▶ **Exercise instructions**
From the line that contains "Differentially changed non-volatile" to the final line of the records below, print each line exactly and leave every picture out.

▶ **Input records**
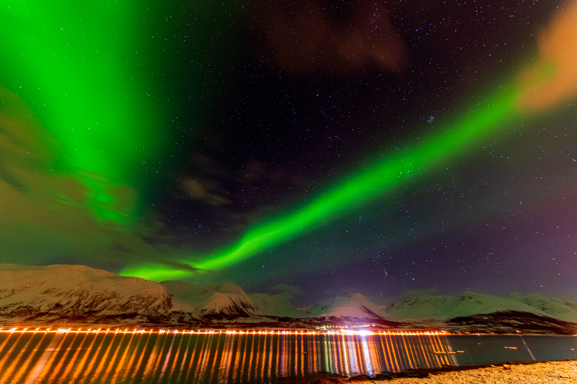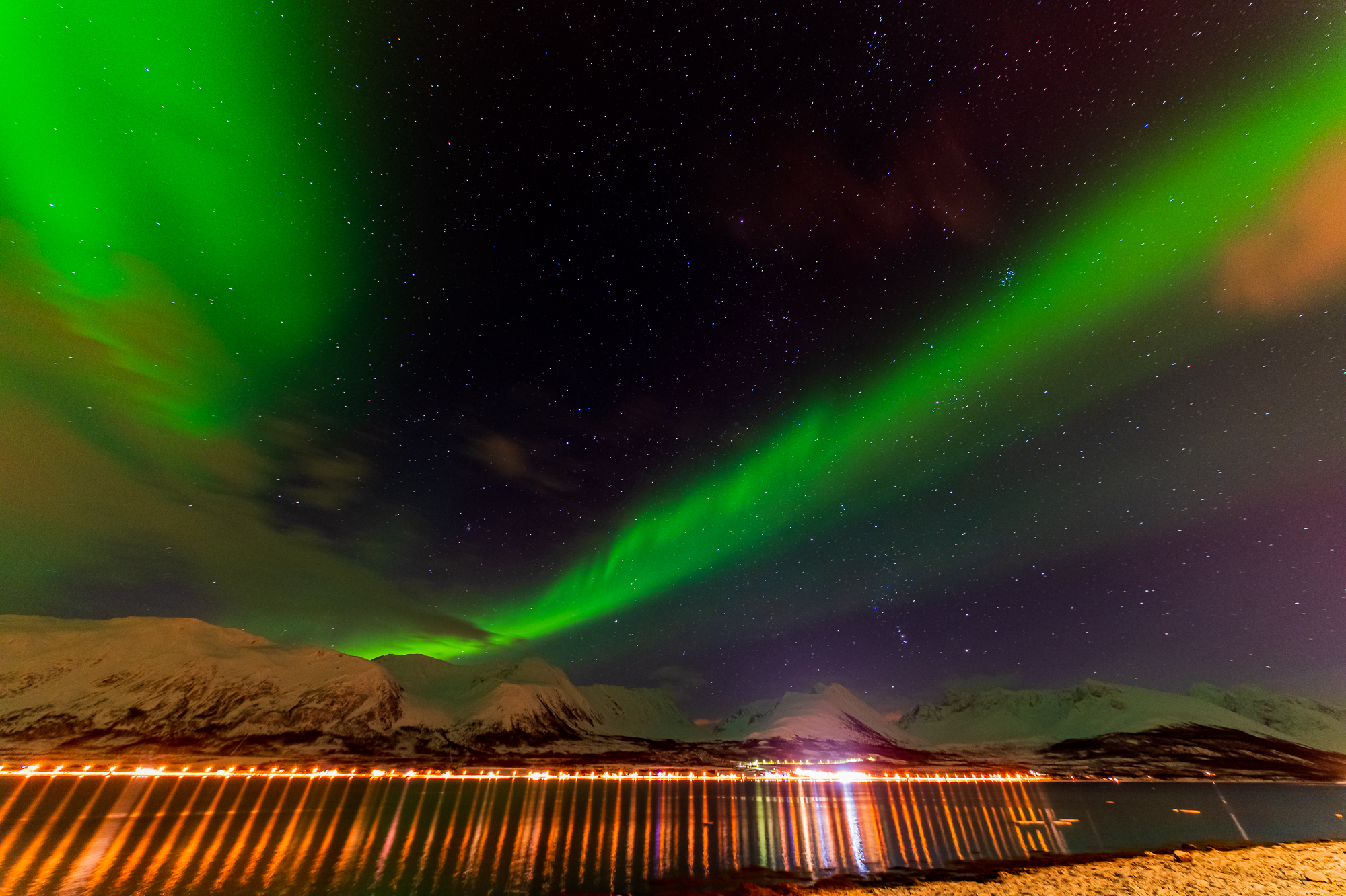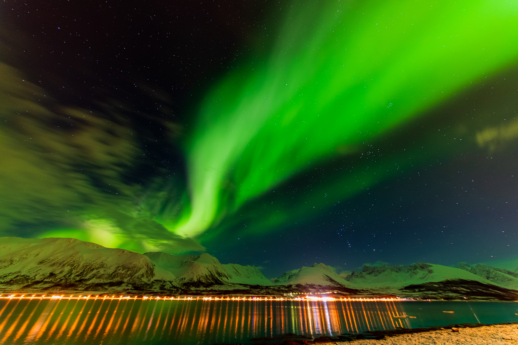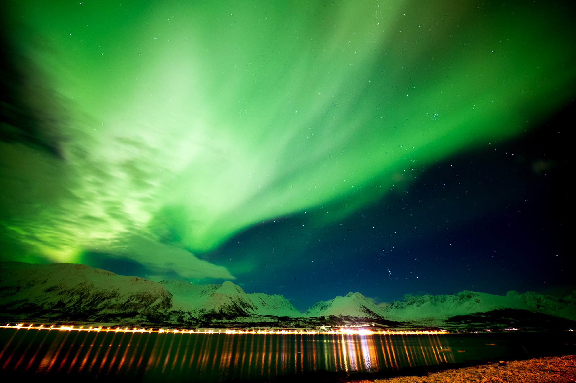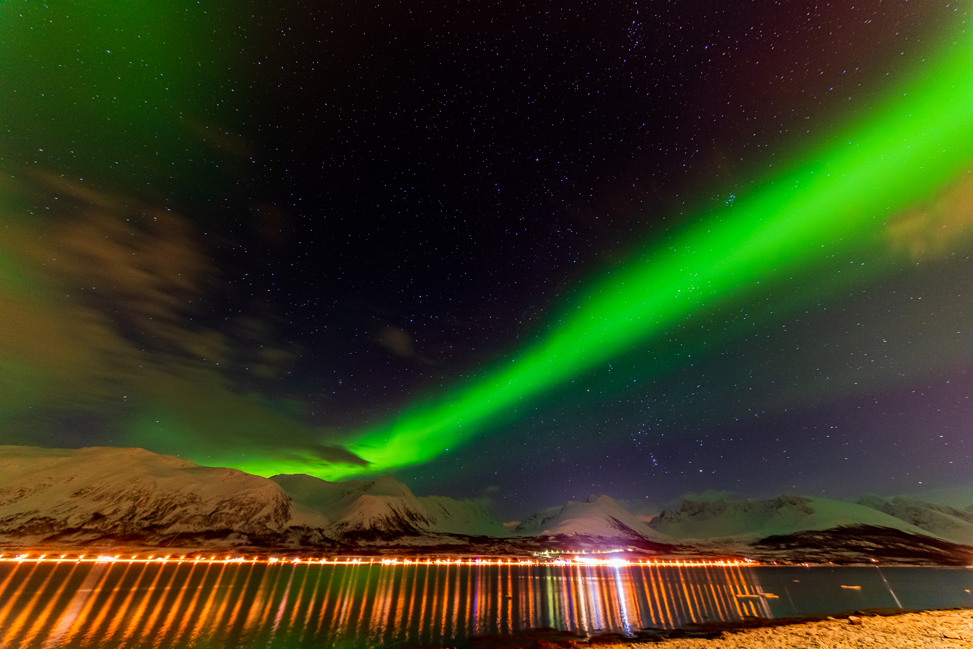 The lights become more and more powerful and quickly merge, so that the entire sky is finally covered with bright green and the landscape is illuminated with a spectacular greenish light.
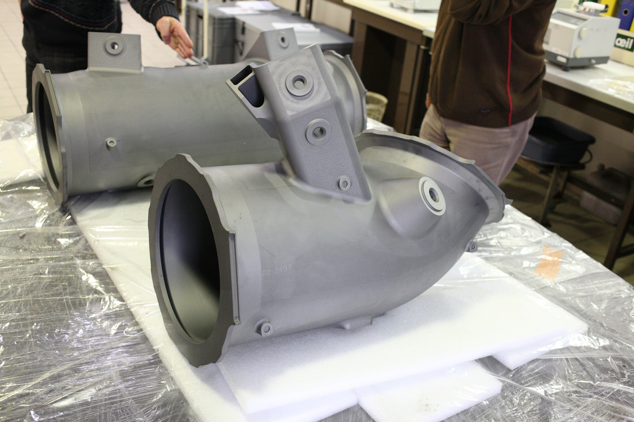 The Gaia torus is composed of 17 individual custom-built Silicon Carbide segments. Each segment features reference points and boreholes to facilitate quality control. These are clearly visible in the two segments shown in this photograph.
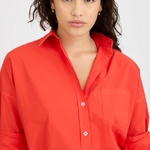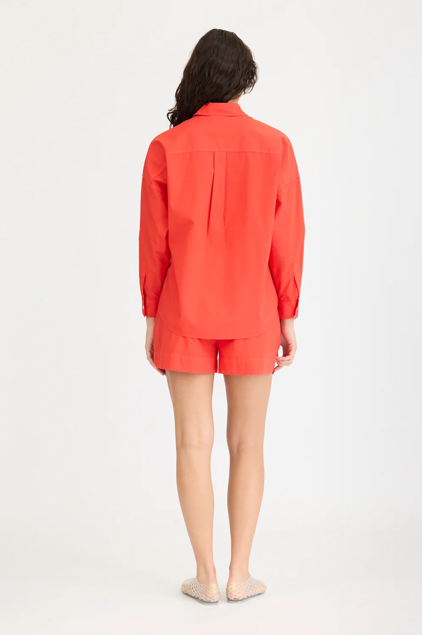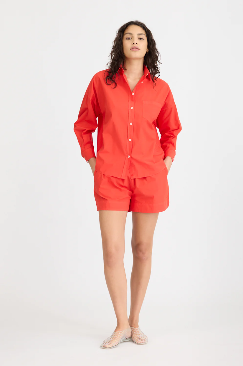 Our Signature Classic button-up shirt. Crafted from premium 100% cotton, this timeless piece features a chest pocket and a relaxed, slightly loose silhouette with drop shoulders. Its versatile design makes it ideal for layering underneath cozy knitwear or pairing with our matching Chiara shorts for a chic coordinated look.
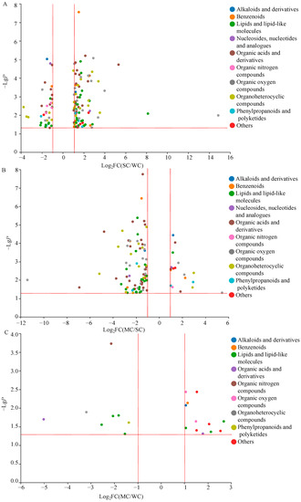 Differentially changed non-volatile compounds (DCnVCs) between natural processing (SC), washed processing (WC), and honey processing (MC), respectively. DCnVCs between SC and WC (A); DCnVCs between MC and SC (B); DCnVCs between MC and WC (C).
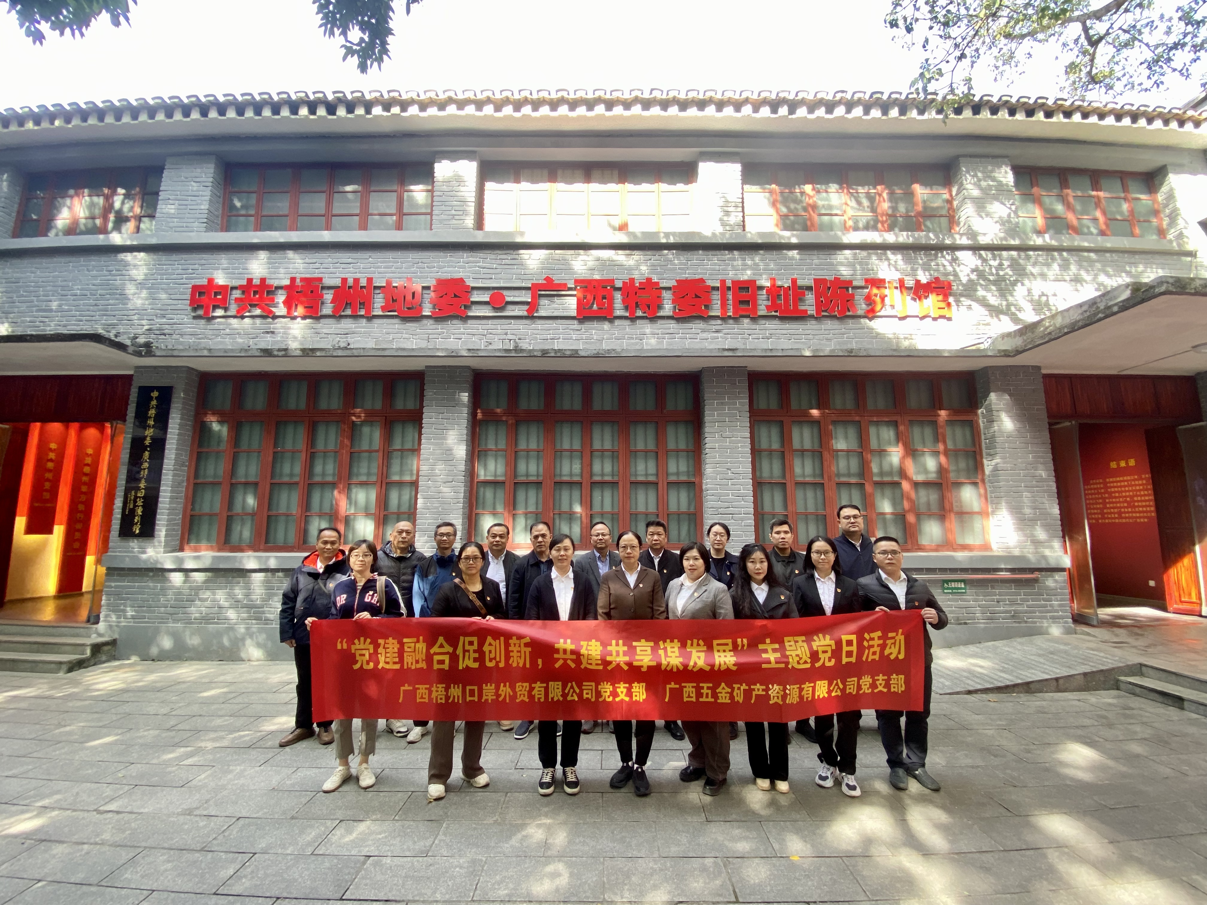 活動中,雙方黨支部先后走進梧州大同酒店舊址、中共梧州地委舊址·中共廣西特委舊址陳列館、韋拔群烈士事跡陳列館、中山紀(jì)念堂等紅色教育基地,通過實地瞻仰重溫崢嶸革命歲月,深刻感悟革命前輩們“不畏艱難、英勇奮斗、不怕犧牲、甘于奉獻”的崇高精神。同時,雙方黨支部圍繞“黨建與業(yè)務(wù)深度融合”“黨建品牌特色化建設(shè)”兩大核心主題開展專題座談,共同探討新時代黨建工作的新思路、新方法,并就如何以高質(zhì)量黨建引領(lǐng)高質(zhì)量發(fā)展分享經(jīng)驗與建議,為新時代基層黨建工作創(chuàng)新發(fā)展凝聚了新思路、明確了新方向。
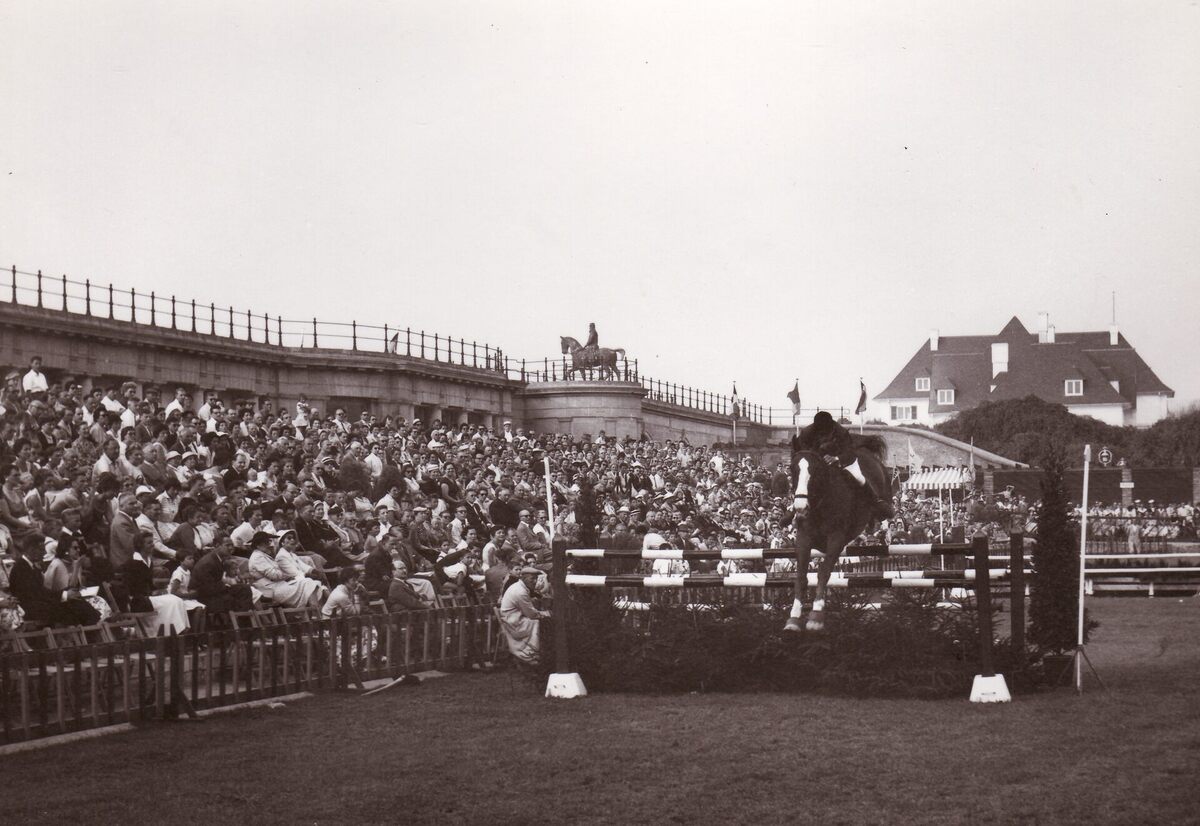 Formaat : 13 x 18 cm. - Ruiter en paard nemen deel aan de jumpingwedstrijd. Een massa volk op de tribune. In de achtergrond rechts de koninklijke villa, in het midden de drie gapers met ruiterstandbeeld

▶ **Result**
 Differentially changed non-volatile compounds (DCnVCs) between natural processing (SC), washed processing (WC), and honey processing (MC), respectively. DCnVCs between SC and WC (A); DCnVCs between MC and SC (B); DCnVCs between MC and WC (C).
 活動中,雙方黨支部先后走進梧州大同酒店舊址、中共梧州地委舊址·中共廣西特委舊址陳列館、韋拔群烈士事跡陳列館、中山紀(jì)念堂等紅色教育基地,通過實地瞻仰重溫崢嶸革命歲月,深刻感悟革命前輩們“不畏艱難、英勇奮斗、不怕犧牲、甘于奉獻”的崇高精神。同時,雙方黨支部圍繞“黨建與業(yè)務(wù)深度融合”“黨建品牌特色化建設(shè)”兩大核心主題開展專題座談,共同探討新時代黨建工作的新思路、新方法,并就如何以高質(zhì)量黨建引領(lǐng)高質(zhì)量發(fā)展分享經(jīng)驗與建議,為新時代基層黨建工作創(chuàng)新發(fā)展凝聚了新思路、明確了新方向。
 Formaat : 13 x 18 cm. - Ruiter en paard nemen deel aan de jumpingwedstrijd. Een massa volk op de tribune. In de achtergrond rechts de koninklijke villa, in het midden de drie gapers met ruiterstandbeeld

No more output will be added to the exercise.